Six Caws
I love the magic of the mornings at this time of year. Driving to work in the damp dark, lights like paint strokes across the black asphalt, twisting devils of leaves writhing in the headlights, passing the sleepy pockets of light that I know are houses hidden in the hollows, where coffee is dripping into a clear, clean pot and the news is buzzing on some device in the background while stiff spines try to loosen and heavy eyelids attempt their lifts. How many secrets, how many stories I pass as I glide past in the dark, in the morning, in the stillness of November.
And then arriving at my place of work, and noticing for the first time that one of the shrubs in the parking lot has pink berries on it, and delighted that I don’t know what kind of bush this is, and pocketing a dozen of the berries, where they will go into an envelope in the drawer in the baker’s rack in my wife’s kitchen, joining dozens of other collections of seeds and pods for that garden I just know I’ll plant and tend someday when I am obsolete at my job and ushered homeward so as not to get in the way any longer.

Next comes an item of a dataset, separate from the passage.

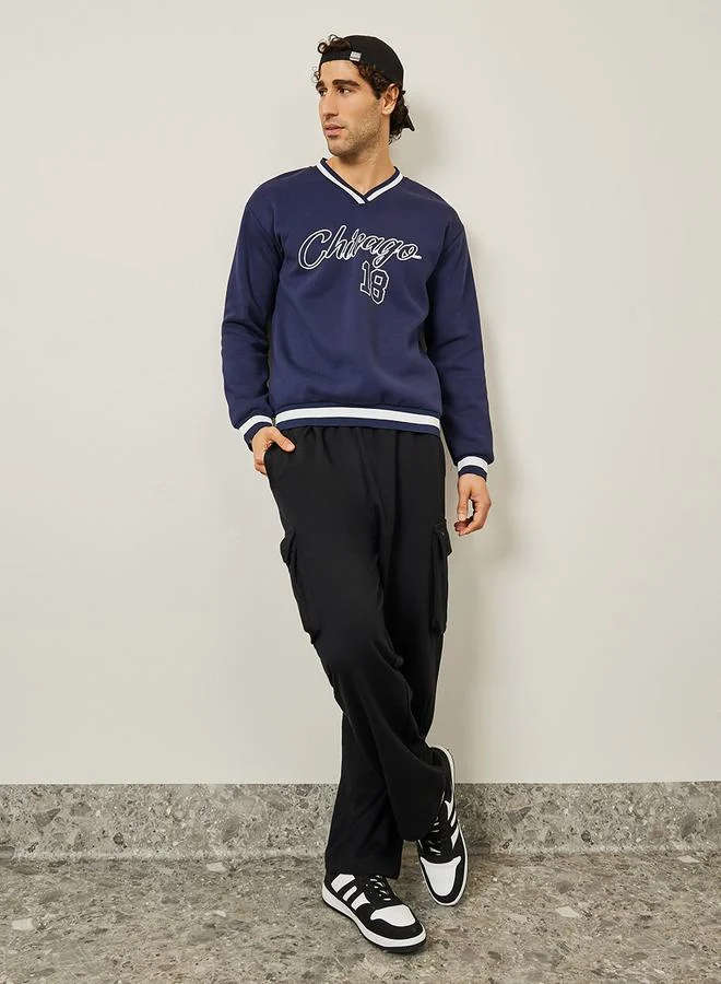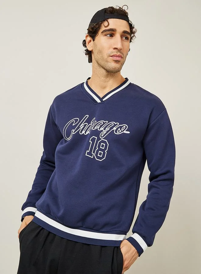 Styli Graphic Print V Neck Ribbed Varsity Sweatshirt

The crows watched for my arrival, and there they were! The big bossy bird, perched on the lamp post directly over my silver head with his feathers carved from coal, tolling again and again with his six caws. I know he knows me, they know me, and this fills me with wonder and peace. Isn’t this remarkable? Isn’t this a wondrous thing? A creature with whom I cannot directly converse recognizes me, anticipates me, has a rhythmic ritual with me each workday morning. And praise be to the Maker of crows that I don’t take this for granted, and that the crow is not bored with me, and look — here is my holy and unfeigned gratitude for the potential that we may yet truly talk someday, the crow and I, on the other side of this valley in which we, two solitary creatures, soar and shuffle.
The air is clean outside, and I can step out and taste it anytime I wish. What binds me? Nothing but what I allow.